Kelley received a BFA from the University of Michigan, Ann Arbor (1976) and MFA from the California Institute of the Arts (1978). He lived and worked in – and drew inspiration from – Los Angeles from 1972 to 2012.

Exhibitions and Awards

Mike Kelley’s work has been the subject of numerous acclaimed exhibitions. Among these have been the retrospective Mike Kelley (Stedelijk Museum, Amsterdam, 2012; Centre Georges Pompidou, Paris, 2013; Museum of Modern Art/PS1, New York NY, 2013; Museum of Contemporary Art, Los Angeles CA, 2014); the permanent public work and accompanying exhibition Mobile Homestead, Museum of Contemporary Art Detroit, Detroit MI (2013); Mike Kelley: Kandors, Museen Haus Lange, Haus Esters, Kunstmuseen Krefeld, Germany (2011); Mike Kelley: Educational Complex Onwards: 1995 – 2008, WIELS Centre d’Art Contemporain, Brussels, Belgium (2008); Petting Zoo, Skulptur Projekte Münster, Germany (2007); ProfondeursVertes, Musée du Louvre, France(2006); The Uncanny, a curatorial project presented at Tate Liverpool, England and Museum Moderner Kunst Stiftung Ludwig, Vienna, Austria (2004); a 1993 retrospective at the Whitney Museum of American Art, New York NY and Los Angeles County Museum of Art, Los Angeles CA; Documenta IX (1992) and Documenta X (1997), Kassel, Germany; and five appearances at the Whitney Biennial.

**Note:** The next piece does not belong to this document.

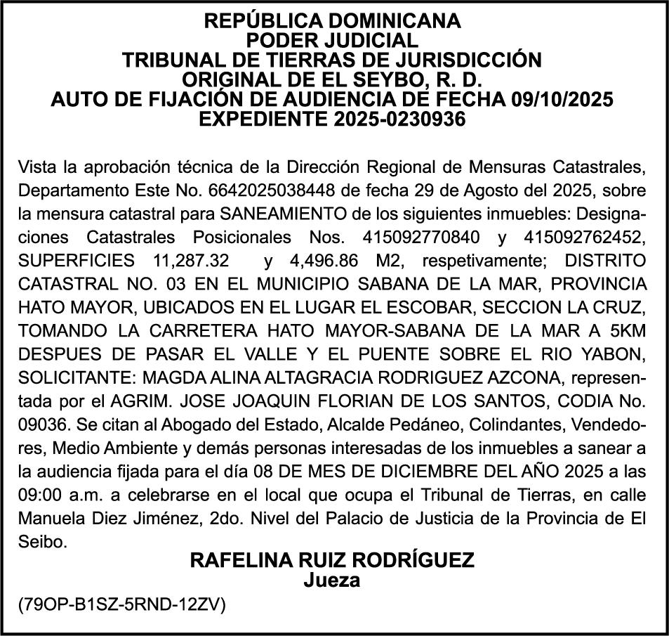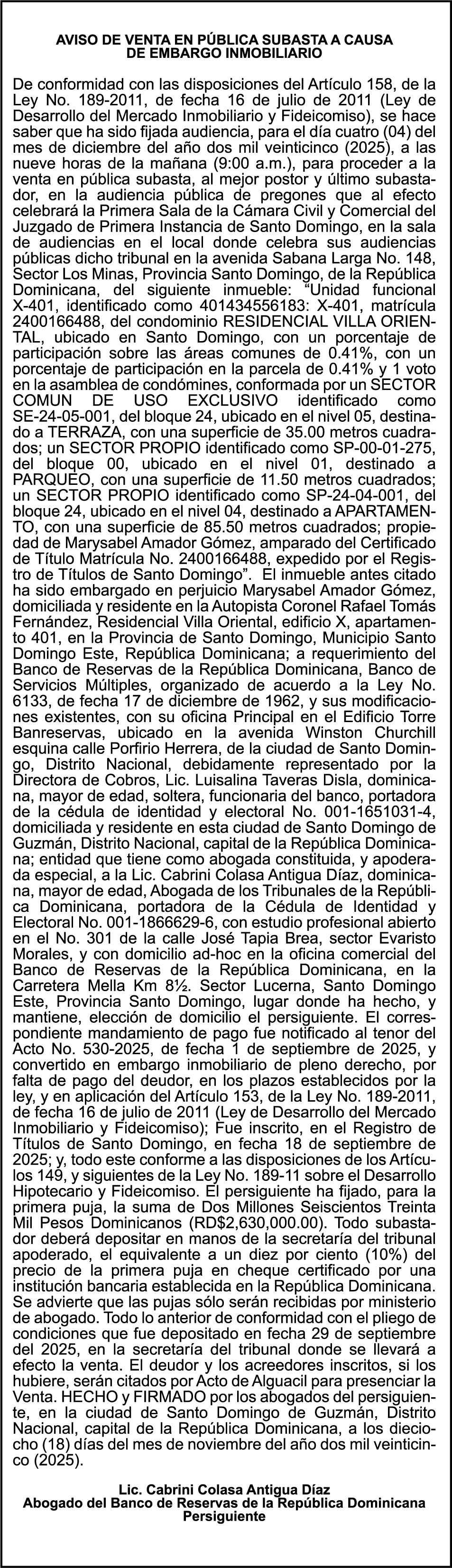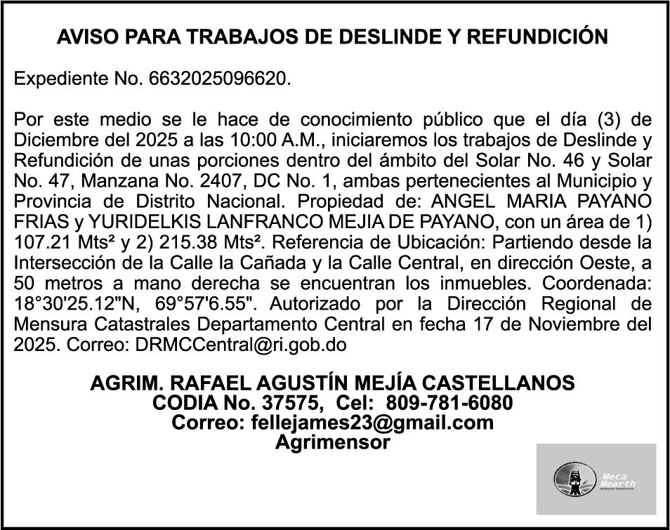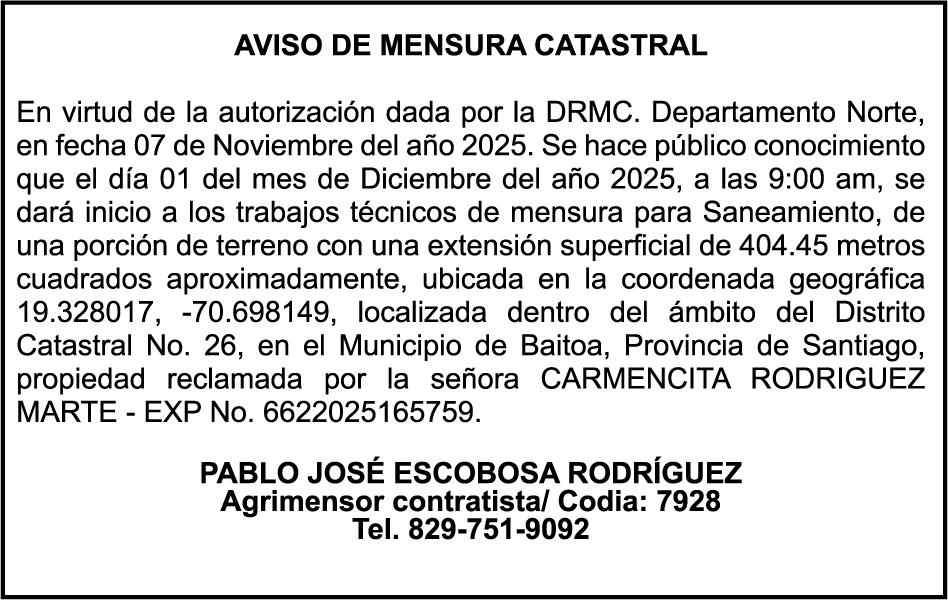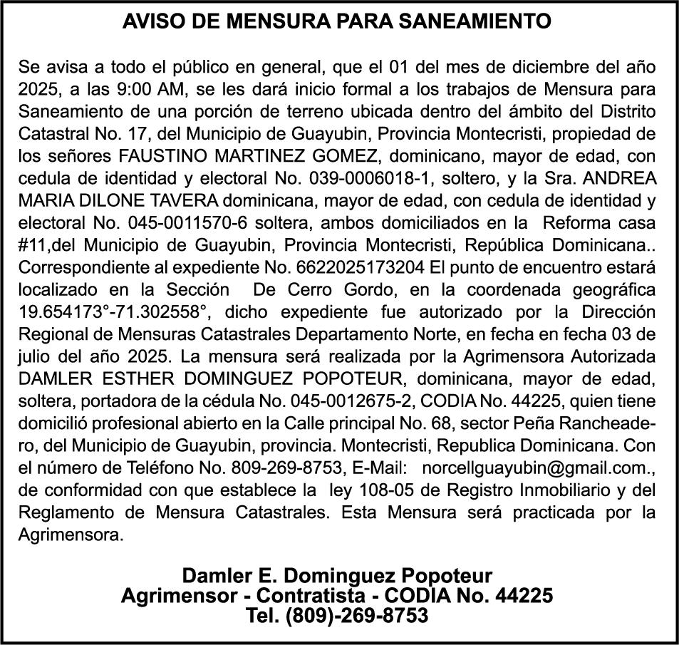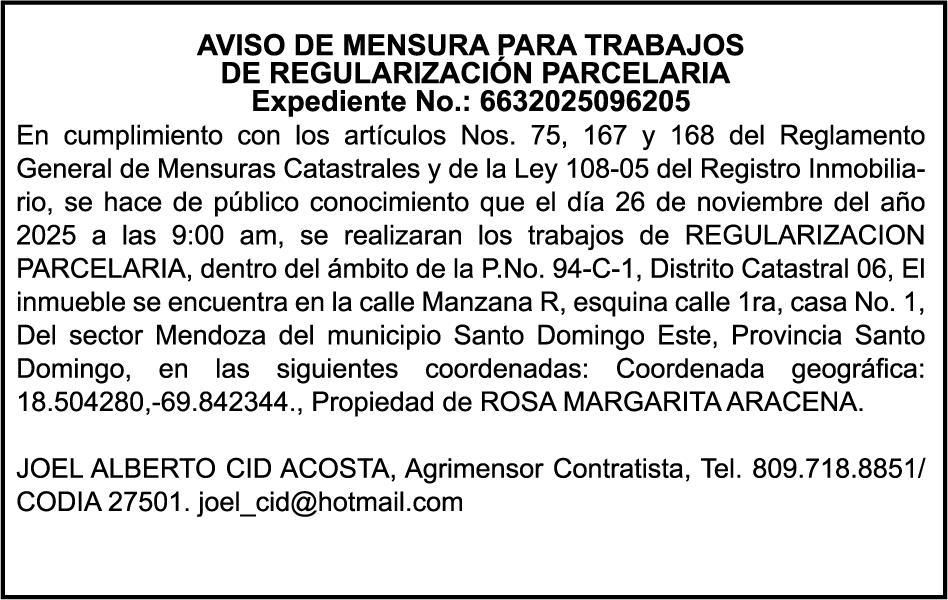 10:00 A.M. RP Industriales de la Harina/Inversión Molino. Distrito Industrial de Santo Domingo Oeste (Disdo), Calle Central, Hato Nuevo, Manoguayabo.

The artist’s work is represented in major public collections worldwide and has been the subject of scores of gallery exhibitions internationally. In his lifetime, Kelley received numerous awards and commendations, including the Wolfgang Hahn Prize; a Louis Comfort Tiffany Foundation Grant; a National Endowment for the Visual Arts Fellowship, Awards in the Visual Arts grant; a Skowhegan Medal for Mixed Media; the Distinguished Alumni Award, University of Michigan School of Art and Design; the Distinguished Alumnus/a Award, California Institute of the Arts; and a Guggenheim Fellowship.

Mike Kelley was a member of Destroy All Monsters, an improvisational noise band formed in Ann Arbor, Michigan MI in 1974 with artists Jim Shaw, Niagara, and Cary Loren. Three volumes of the artist’s collected writings have been published, edited by John C. Welchman: Foul Perfection: Essays and Criticism (MIT, 2002), Minor Histories: Statements, Conversations, Proposals (MIT, 2004), and Mike Kelley: Interviews, Conversations and Chit-Chat (JRP|Ringier, 2005).